St. Paul Pioneer Press

Altman's Afterwords

Aug. 02, 2005
BY Chris Hewitt

Shooting has wrapped up on the "A Prairie Home Companion" movie, but I chatted with director Robert Altman just before he left town Monday (his flight left two hours after this interview). A cup of tea with cream balanced on his knee, he described how the movie — which focuses on the fictional last performance of the radio show and the final days of the Fitzgerald Theater, where it's performed — is progressing. Meanwhile, his wife, Kathryn, prepared to move them out of their St. Paul Hotel suite.

Q: How was shooting at the Fitzgerald?

A:
People were just great. We didn't have anything but cooperation on every level.

Q: Your movies ("Short Cuts," "Gosford Park") are known for capturing a sense of place. Will this one reflect its setting in Minnesota?

A:
It's the theater, mostly. We could have gone anywhere, really, but it just seemed proper to do it in this familiar venue (where the "Prairie Home" radio show is performed).

Q: Did you get to see much of the Twin CIties?

A:
No. I was either there or here. I went out to dinner, I think, a total of twice.

Q: The movie went through some delays, as financing came together and cast members such as Willie Nelson and Michelle Pfeiffer had to drop out. Did you ever consider bailing?

A:
This was our last shot at it. Originally, it was scheduled to shoot in March and we had to postpone it to July. I said, 'I've been f—-ing around with this too long. This is it for me.' That was the end. Either we started on time or I was going to have to move on.

Q: Now that filming is done, do you get a break?

A:
Well, I had two days off here, but I can't wait to get back to it. I couldn't shoot another day, I don't think, but I'm going back today and I'll be in my editing room tomorrow. I'll see things I didn't know were there.

Q: Even though you were on the set every day, watching everything happen?

Oh, I haven't really seen the movie yet. When I'm watching it on the three monitors (Altman shot with three different cameras, simultaneously), I tend to lock on one of them. I'm checking the other two, but only occasionally. So there are a lot of surprises, lots of material there I haven't even seen.

Q: How was it working with that amazing cast: Meryl Streep, Lindsay Lohan, Tommy Lee Jones, Kevin Kline, Virginia Madsen?

A:
That's my joy: watching actors. I wasn't really running the show. I was allowing the show to run. The actors were running it. I've never seen an actor quite like Meryl Streep. It wouldn't make any difference who was directing the picture. She transcends all that. She comes in and does her part and knocks you out. She's totally generous about it — with the actors and other people — but she's 25 percent above anyone else.

Q: Did any of the actors intimidate you?

A:
Some people have reputations that precede them or follow them.
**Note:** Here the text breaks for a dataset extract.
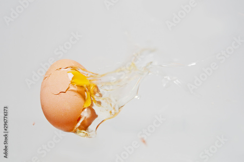 cracked egg with yolk on white background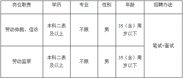招聘社會化用工專業(yè)勞動仲裁、信訪崗位1人,勞動監(jiān)察、勞動關(guān)系崗位1人。

Tommy Lee Jones came in, and he's kind of scary.

Q: There's been a lot of talk that the movie will be darker than the radio show. How so?

A:
There's only one daylight shot in the whole movie — the penultimate shot. It's after the last show. The next morning, there's a daytime shot of them tearing the theater down, and Kevin is playing the piano and reading some narration that kind of wraps it up. And he picks up a bust of (F. Scott) Fitzgerald and walks out of the theater. Also, there's a lot of death: The death of the show, which is having its last performance, the death of the Fitzgerald, the death of one of the characters, the impending death of another — we don't know who.

Q: Who do you think will like the movie?

A:
I have a very definite idea that this film could find the kind of audience that went to Mel Gibson's Jesus picture: People who don't go to the movies, as a rule. This movie will play well in Oshkosh, Wis. Of course, every movie now is aimed at 14-year-olds and we're not going to get them. Lindsay Lohan may bring in a few, but they're not going to go back from it with good word-of-mouth.

Q: When will the movie be released?

A:
We don't know about that yet, but, financially, I have a deadline. I can't go on forever. I'm scheduled to be finished with the picture by the end of November (which would also make it eligible for January's Sundance Film Festival).

Q: But, at 80, you have no plans to retire?

A:
Oh, no. I don't know what I'd do. After that, it'll be either a play in London (Arthur Miller's "Resurrection Blues") or an ensemble picture in Texas, "Hands on a Hard Body."